Georges Hanna Sabbagh was born on 10 August 1887, at Alexandria, to a family of Syrian and Lebanese descent.

He studied art in Paris, being the first Egyptian student at the École du Louvre. He was a pupil of Paul Sérusier, Félix Vallotton and the symbolist painter Maurice Denis. It can be said that he was attached to the artists of the Paris School, he worked beside Amedeo Modigliani but he always refused to be considered one of them, keeping his independence and freedom.

He taught at the Académie Ranson in Paris; and starting in 1926, at the School of Fine Arts, Cairo (now Faculty of Fine Arts, Helwan University).

His family and the region of Brittany (where his children were born) provided him with subjects for many of his paintings, before trips to Egypt led him to rediscover the lights, landscapes and characters of his childhood. He excelled in portraits, nudes and landscapes both in France and in Egypt and was enchanted by the old districts of Cairo. A painter of talent, Georges Sabbagh forms one of the group of artists who Jean Cassou called "the sacrificed generation" (along with Henri de Waroquier and Jules-Émile Zingg) - absorbing the school of Les Nabis, Fauvism and Cubism at the beginning of the century, but forgotten after the Second World War.
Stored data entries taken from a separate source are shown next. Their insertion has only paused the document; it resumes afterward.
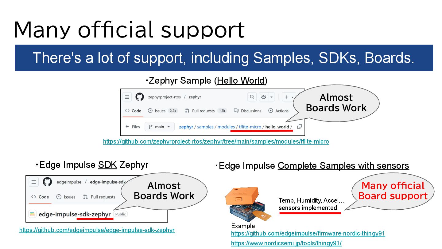 SDKs, Boards. ・Zephyr Sample (Hello World) ・Edge Impulse SDK Zephyr Almost Boards Work https://github.com/zephyrproject-rtos/zephyr/tree/main/samples/modules/tflite-micro https://github.com/edgeimpulse/edge-impulse-sdk-zephyr ・Edge Impulse Complete Samples with sensors Example https://github.com/edgeimpulse/firmware-nordic-thingy91 Almost Boards Work Many official Board support Temp, Humidity, Accel… sensors implemented https://www.nordicsemi.jp/tools/thingy91/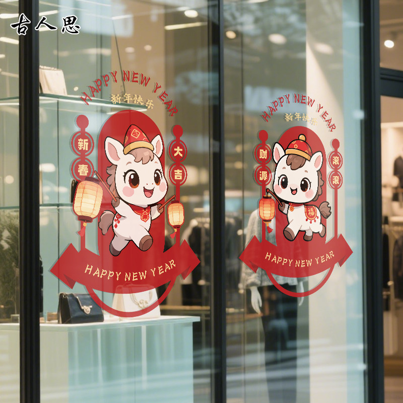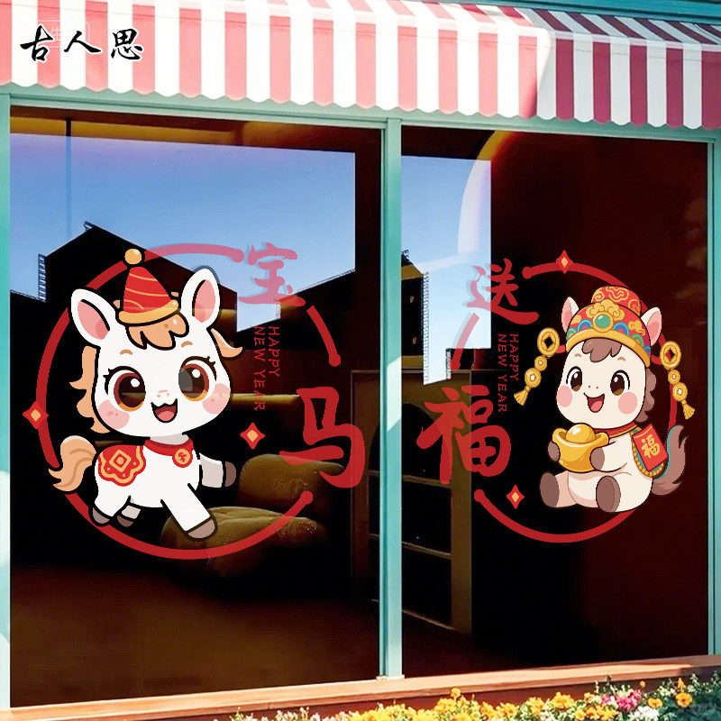 2026新年窗花马年装饰新款玻璃门贴纸静电橱窗贴春节氛围布置贴画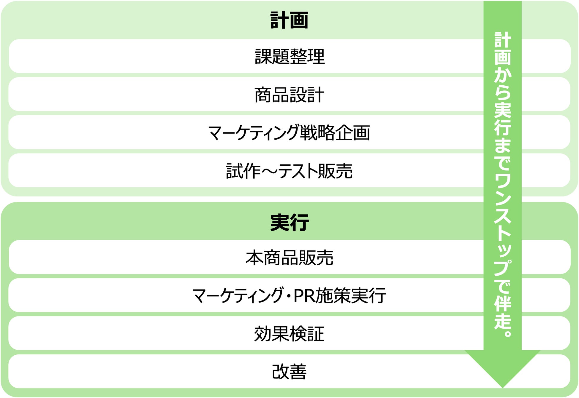 「どのような商品を作るべきか?」「ターゲットは誰か?」「どのような販売戦略を立てるべきか?」「プレスリリースはどのように打つか?」「ECなどはどうするか?」など、考えるべきこと、やるべきことが多々ある中、計画〜実行までトータルにサポートします。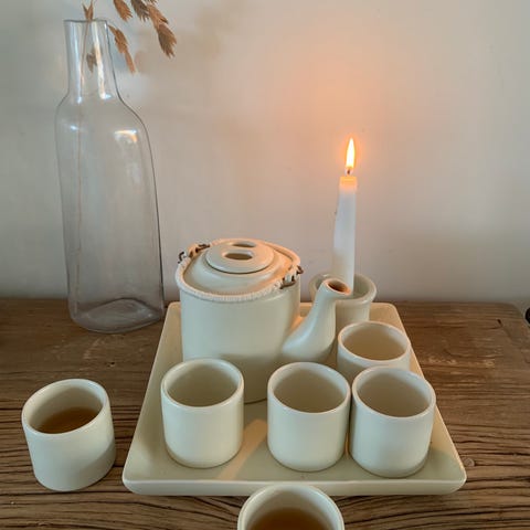 Tekanna och två koppar i stengodsimitation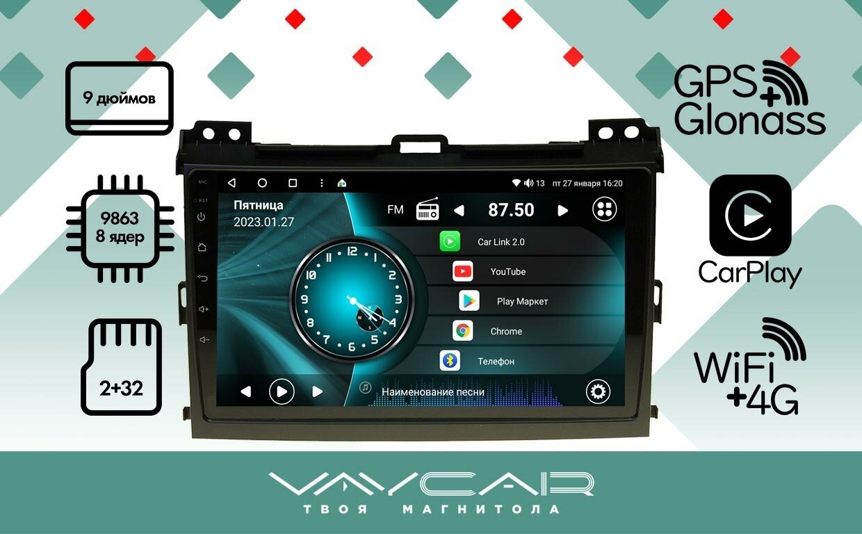 Магнитола Vaycar 09V2 для TOYOTA Prado 120 2002-2009 (Андроид, 2+32, 8 ядер, WiFi, BT, 4G, GPS, QLED 9") информация: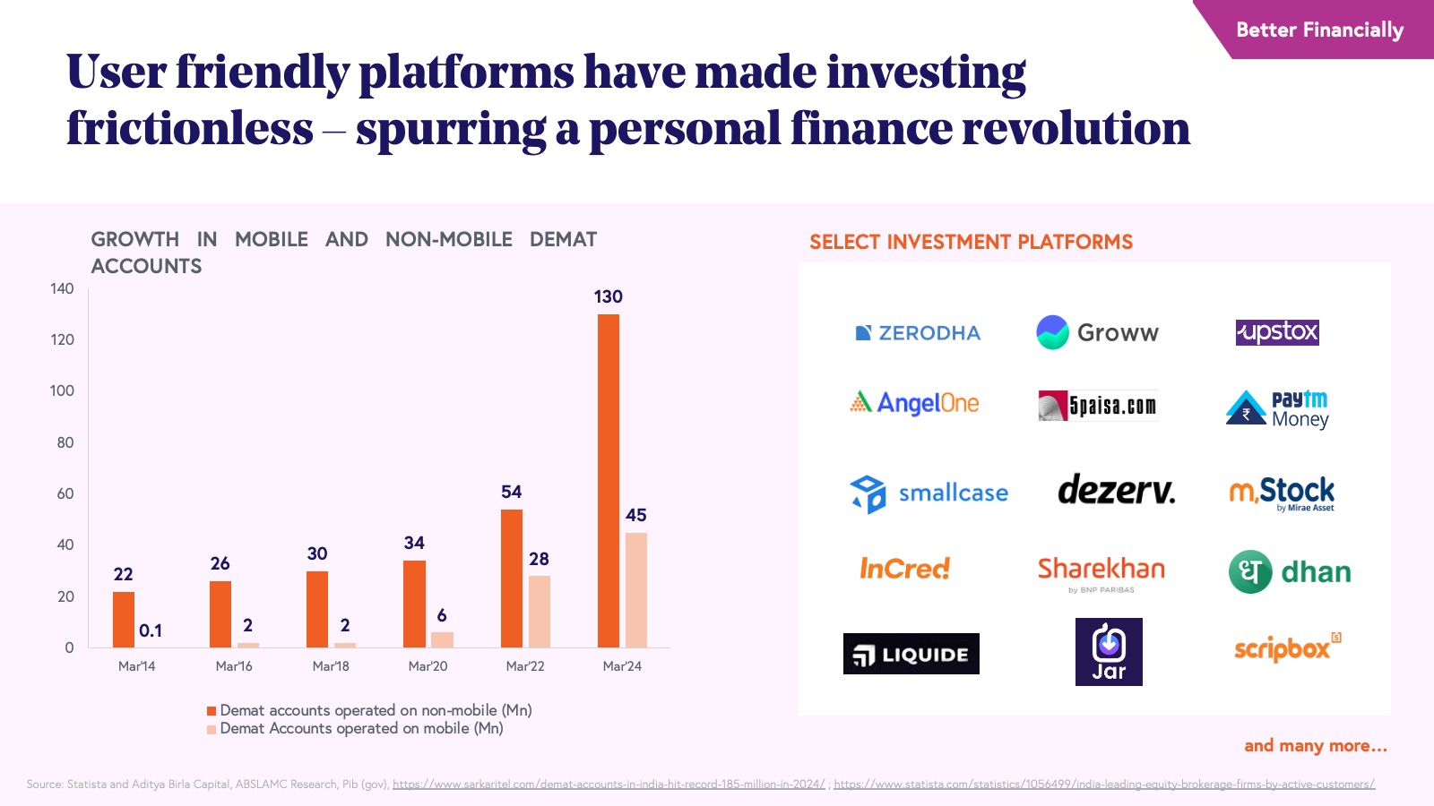 A young, aspirational India is now demanding intuitive, personalized financial services. This revolution extends naturally into wealth creation. Almost 8 million new consumers are expected to enter the wealth industry on the back of digital and mobile-led financial distribution between 2022 and 2025. The surge in demat accounts (“dematerialized;” i.e., digital accounts holding financial securities), driven by seamless digital onboarding and user-friendly trading apps, signals a new wave of retail investor participation. Platforms like Zerodha, Groww, Dezerv, and Angel One have led the charge, onboarding millions of new investors from smaller towns and cities - underscoring the demand for low-cost, mobile-first investment experiences.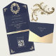 Invitation Tout En Un QR Code Baroque Marine Bleu Mariage or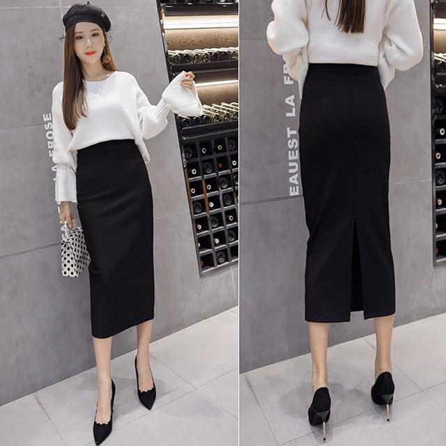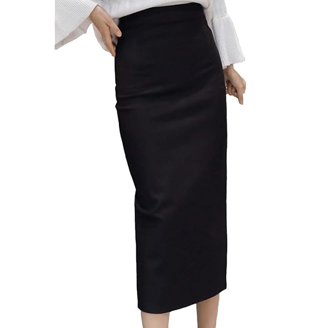 [ユニベイズ] ミニ〜ロング タイトスカート レディース 黒 ブラック スリット OL オフィス スカート ストレッチ (L, ブラック03)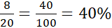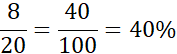 W pierwszym kroku policz, ile jest brązowych kaczek. Jest ich 8. Następnie podziel liczbę brązowych kaczek przez liczbę wszystkich ptaków w stawie. Otrzymujemy następujące działanie:.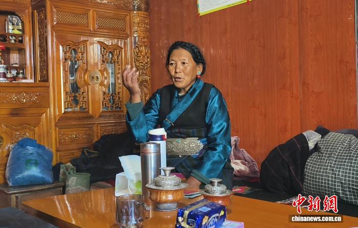 图为定日县长所乡森嘎村村民讲述搬进新家后的美好生活。贡桑拉姆 摄

Cassou describes him as a "cordial and deeply human painter". He was able to create in the end of his career a new attitude towards realism.

He served in the British Army in the First World War. He was made a Chevalier of the Legion of Honour (1928).

After his death, his son Jean and daughter-in-law Monique made a retrospective exhibition of his work, and an art catalogue.

== Personal life ==
In 1916, he married the art historian Agnès Humbert, by whom he had two children: the television producer and director Pierre Sabbagh, and the sub-mariner and advisor to General Charles de Gaulle, Jean Sabbagh.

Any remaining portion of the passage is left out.